### PROVIDED MATERIAL

__________

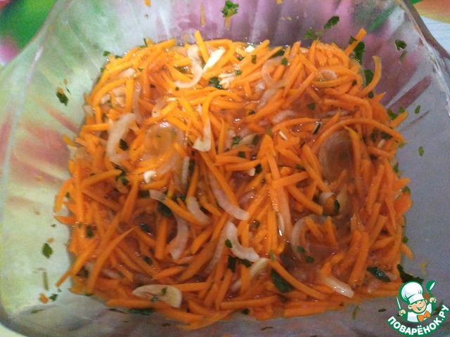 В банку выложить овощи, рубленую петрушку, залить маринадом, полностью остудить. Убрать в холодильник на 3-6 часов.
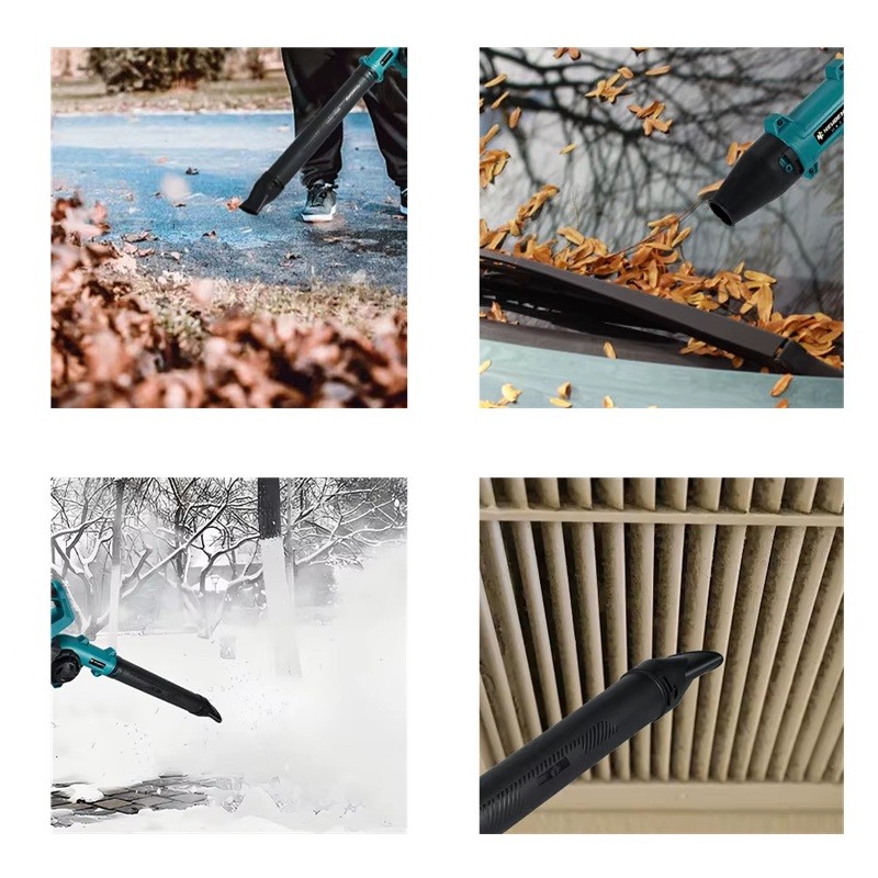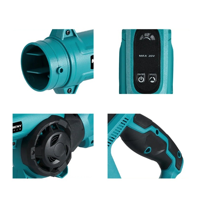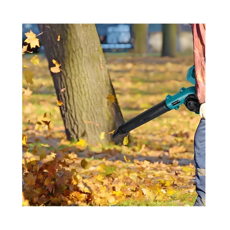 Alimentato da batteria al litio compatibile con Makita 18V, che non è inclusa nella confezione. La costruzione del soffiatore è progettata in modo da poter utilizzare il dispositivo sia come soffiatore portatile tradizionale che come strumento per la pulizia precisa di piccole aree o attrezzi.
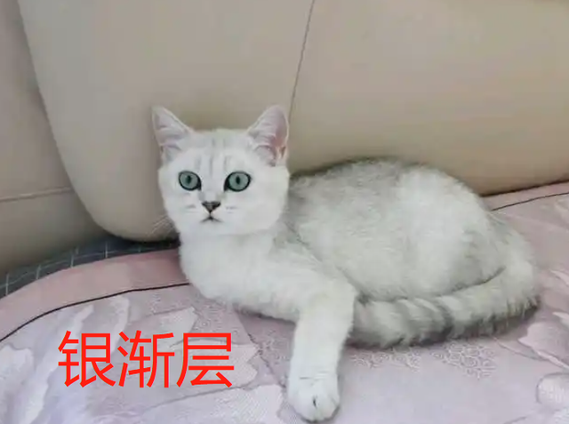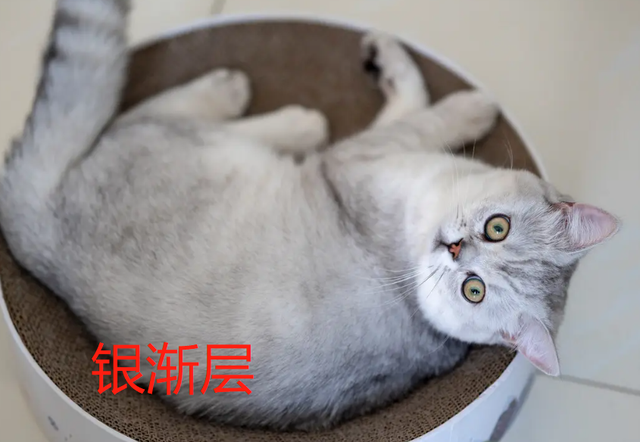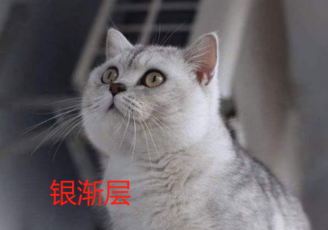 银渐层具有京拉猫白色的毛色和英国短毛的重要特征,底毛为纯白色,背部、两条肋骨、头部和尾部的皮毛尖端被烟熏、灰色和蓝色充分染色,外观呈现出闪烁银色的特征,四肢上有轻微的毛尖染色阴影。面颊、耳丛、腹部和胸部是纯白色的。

__________

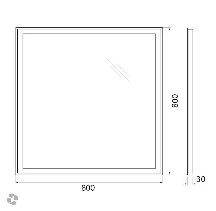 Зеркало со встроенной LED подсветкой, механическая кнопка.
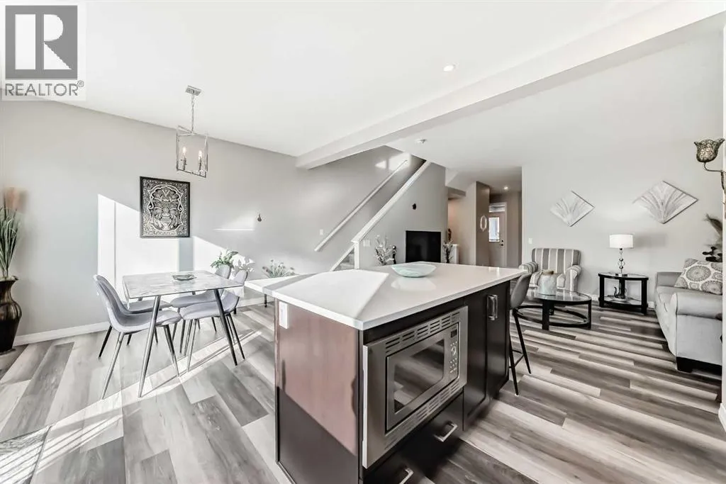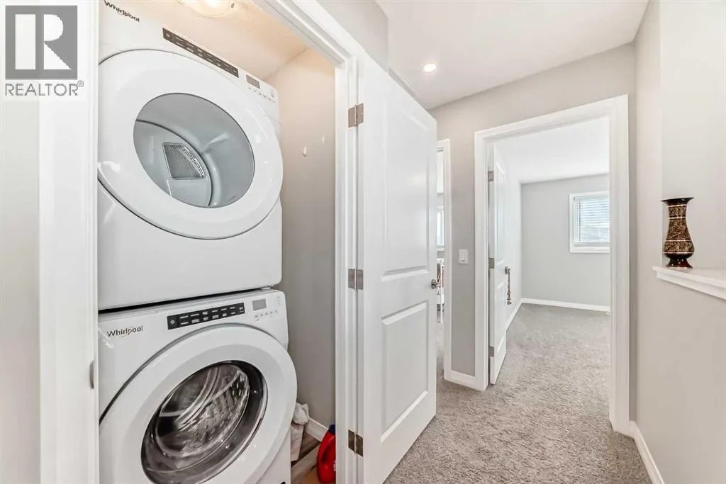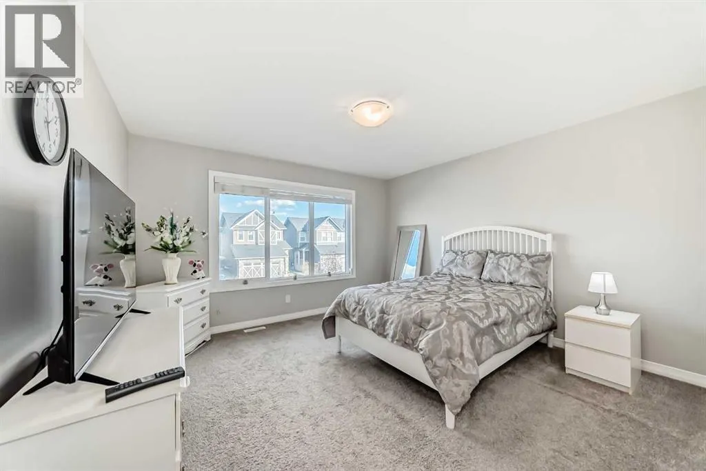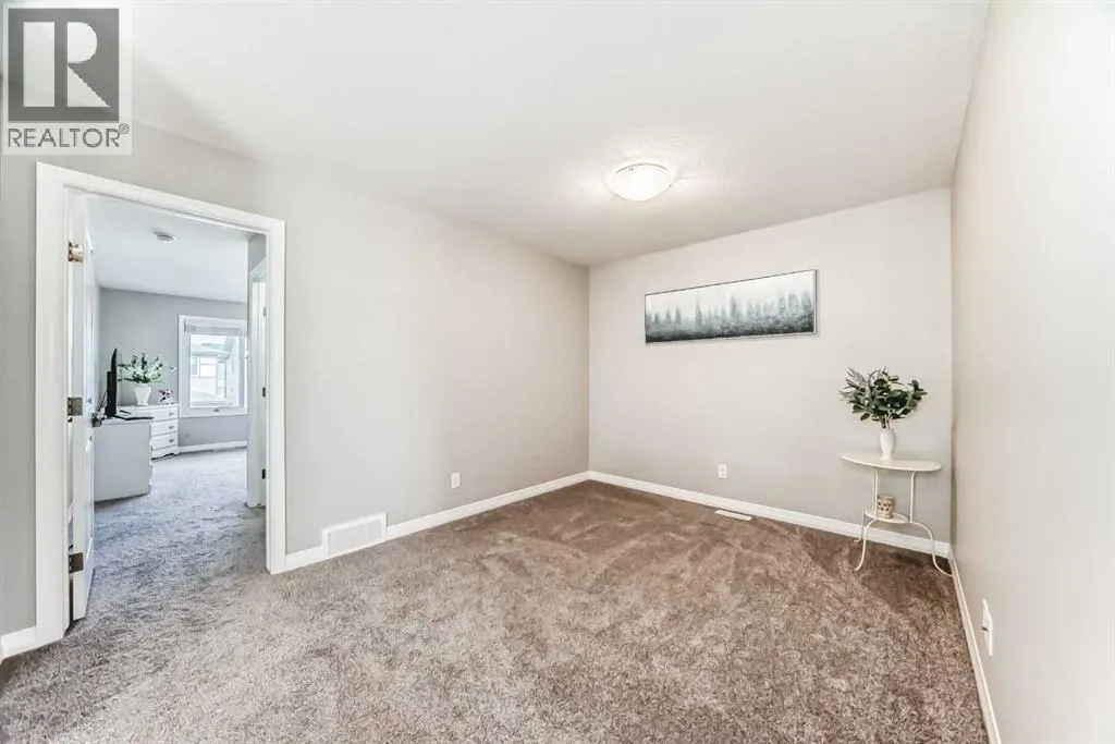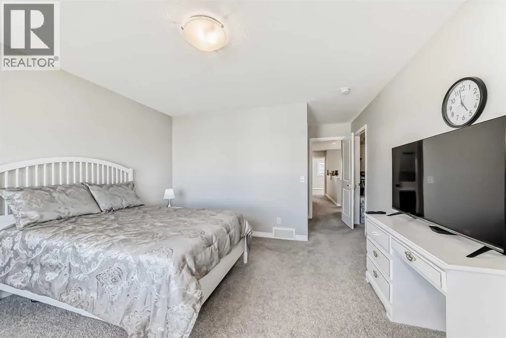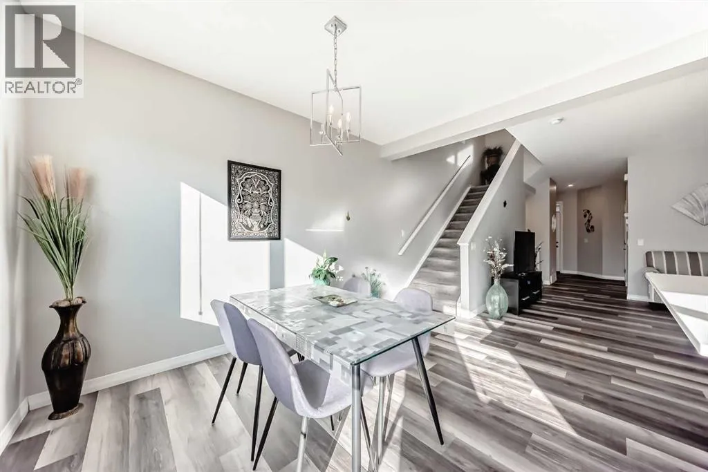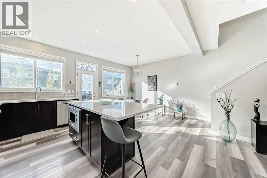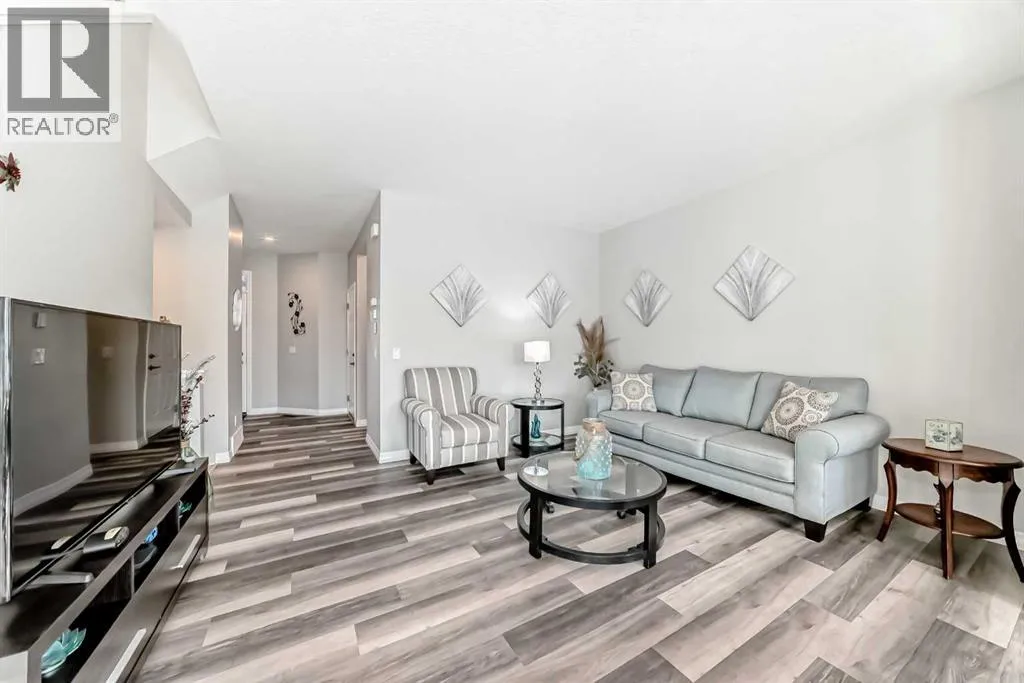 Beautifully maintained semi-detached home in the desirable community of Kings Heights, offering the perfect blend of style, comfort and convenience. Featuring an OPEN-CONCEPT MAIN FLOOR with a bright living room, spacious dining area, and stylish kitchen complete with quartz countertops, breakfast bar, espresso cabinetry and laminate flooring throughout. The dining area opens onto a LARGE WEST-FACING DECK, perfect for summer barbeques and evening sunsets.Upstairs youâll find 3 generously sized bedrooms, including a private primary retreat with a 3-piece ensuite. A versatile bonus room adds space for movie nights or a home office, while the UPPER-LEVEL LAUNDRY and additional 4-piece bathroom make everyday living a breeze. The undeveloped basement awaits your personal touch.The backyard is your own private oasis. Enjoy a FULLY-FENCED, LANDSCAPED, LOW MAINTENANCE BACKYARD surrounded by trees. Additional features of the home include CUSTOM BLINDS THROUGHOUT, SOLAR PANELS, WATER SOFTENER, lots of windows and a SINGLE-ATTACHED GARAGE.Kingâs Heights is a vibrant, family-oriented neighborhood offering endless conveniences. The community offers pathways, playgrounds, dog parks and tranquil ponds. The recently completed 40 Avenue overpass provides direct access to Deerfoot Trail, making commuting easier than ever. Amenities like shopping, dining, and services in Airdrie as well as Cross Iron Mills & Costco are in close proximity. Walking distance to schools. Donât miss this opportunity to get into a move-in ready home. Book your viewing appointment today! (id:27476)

__________

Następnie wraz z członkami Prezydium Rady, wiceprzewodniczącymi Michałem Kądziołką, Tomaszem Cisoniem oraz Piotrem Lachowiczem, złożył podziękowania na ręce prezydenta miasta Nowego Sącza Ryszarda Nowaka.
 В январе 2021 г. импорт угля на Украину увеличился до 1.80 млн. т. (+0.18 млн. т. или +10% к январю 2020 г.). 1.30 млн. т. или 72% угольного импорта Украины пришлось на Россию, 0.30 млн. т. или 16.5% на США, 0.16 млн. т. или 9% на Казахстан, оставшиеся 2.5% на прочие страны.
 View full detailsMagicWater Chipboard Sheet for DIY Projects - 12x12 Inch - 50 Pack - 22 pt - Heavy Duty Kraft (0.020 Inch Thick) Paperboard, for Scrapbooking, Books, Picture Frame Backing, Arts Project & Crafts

__________

### EXERCISE INSTRUCTIONS
Exactly reproduce the lines above, starting at the one that contains "Alimentato da batteria" and ending at the one that contains "银渐层具有京拉猫白色的毛色和", both inclusive; leave the pictures out and add no other lines.

### OUTPUT
 Alimentato da batteria al litio compatibile con Makita 18V, che non è inclusa nella confezione. La costruzione del soffiatore è progettata in modo da poter utilizzare il dispositivo sia come soffiatore portatile tradizionale che come strumento per la pulizia precisa di piccole aree o attrezzi.
 银渐层具有京拉猫白色的毛色和英国短毛的重要特征,底毛为纯白色,背部、两条肋骨、头部和尾部的皮毛尖端被烟熏、灰色和蓝色充分染色,外观呈现出闪烁银色的特征,四肢上有轻微的毛尖染色阴影。面颊、耳丛、腹部和胸部是纯白色的。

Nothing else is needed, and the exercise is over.